7 Steps to Raising Intuitive Eaters

Angela Youngs, PsyD

Teach hunger/fullness cues.
Throughout the day, especially during meal and snack times, prompt your children to check in with their bodies. Are they hungry? How do they know? What signals do their bodies send to them to alert them of hunger? How hungry are they? How do they know when they’re full? Prompting such questions can help teach children the skill of tuning in with themselves. You can model this skill by checking in with your own body out loud. 

Refrain from labeling food “good” or “bad” / “healthy” or “unhealthy.”
We want to avoid placing a value on food, as all food has its place. When we label a food good or bad, we also label the act of consuming it the same way. From there, we begin to internalize our own worth based on our eating behaviors. This can lead to a complicated relationship with food and our bodies. Instead, talk about food serving a variety of purposes. Food can help us grow strong. It can bring people together. It can make our bellies and hearts happy.  

Provide appropriate choices during mealtime to provide practice.
Provide your children with appropriate food choices to allow them to practice responding to their internal body cues. You can ask them to tune into their bodies and decide how much of a food they would like. If possible, provide options during mealtimes to instill a sense of agency and teach decision-making skills. You can also involve them in meal or menu prep. Perhaps you can allow your children to pick a meal once a week and help you prepare it. 

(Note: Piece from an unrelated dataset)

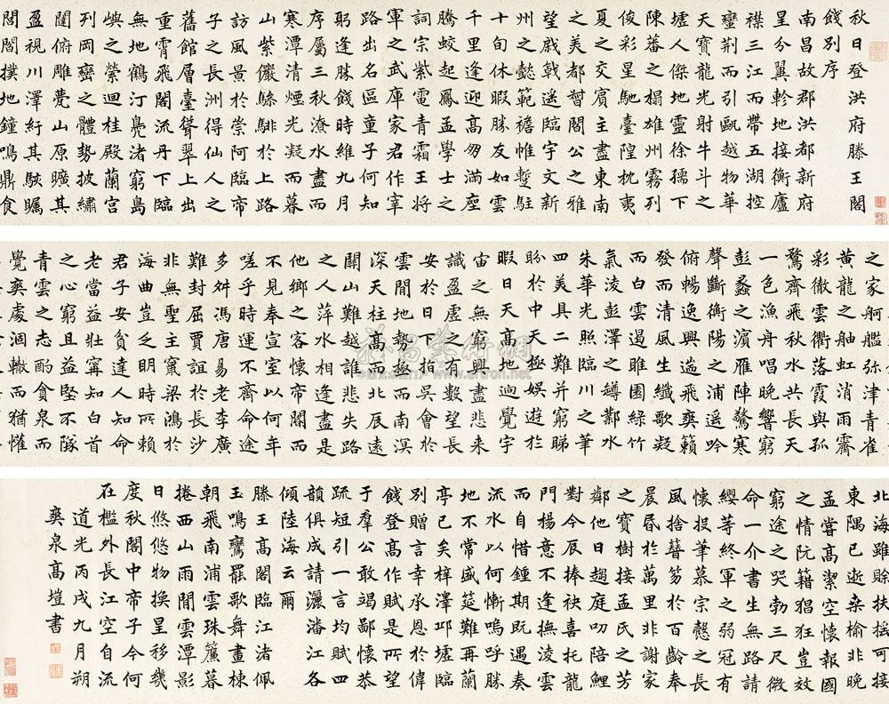 高塏《楷書滕王閣序》,紙本,楷書, 32×371cm, 書於清道光六年(丙戌,1826年), 北京傳是 2010年秋季拍賣會 。

Do not require children to clean their plates.
This requirement can disconnect your children from their natural hunger and fullness cues. Allow your children to stop eating when they’re full to reinforce the act of noticing fullness cues and honoring their bodies. If you’re worried about food waste, you can help them check in with their bodies and decide how much they’d like to serve themselves based on their hunger cues.

Acknowledge when your children engage in intuitive practice.
You can use phrases like, “Nice job checking in with your body!” to reinforce the act of eating intuitively.

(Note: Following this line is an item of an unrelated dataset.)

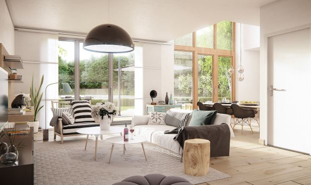 Хороший выбор для сторонников минималистичной домашней обстановки с простой, практичной, но элегантной отделкой. Главный материал – натуральное дерево светлых оттенков. Гладкие поверхности сочетаются со строгими линиями. В скандинавском варианте интерьера загородного дома создается спокойная атмосфера единения с природой.

Avoid commenting on body size.
Whether the comment is “positive” or “negative,” commenting on your children’s body sizes can lead them to hyper-focus on their own bodies, which can also lead to shame, body hatred, and thinking their body size determines their value. If you would like to compliment or praise your children, look for things that go beyond appearance. You could say, “You are so strong!” “Thank you for setting a good example,” “This was hard, but you didn’t give up,” “You are brave!” 

Reject diet culture yourself by refraining from criticizing your body or discussing diets.
Children are always learning from you, and they hear more than you think. If your children hear you criticizing your body or someone else’s body, they may begin to do the same with their own bodies. Instead, model positive body talk by stating things you appreciate about your body that do not relate to appearance. For example, “I really appreciate my arms because they allow me to give you big bear hugs!” or “I love how strong my legs are. They allow me to run and play with you! I always have so much fun when we play!”

It can be challenging to change the way we relate to food and our bodies, but doing so can set your children up for positive body esteem and a healthy relationship with food. If this feels overwhelming, or you would like some additional guidance, reach out to a mental health professional with experience in intuitive eating. You don’t have to navigate it alone.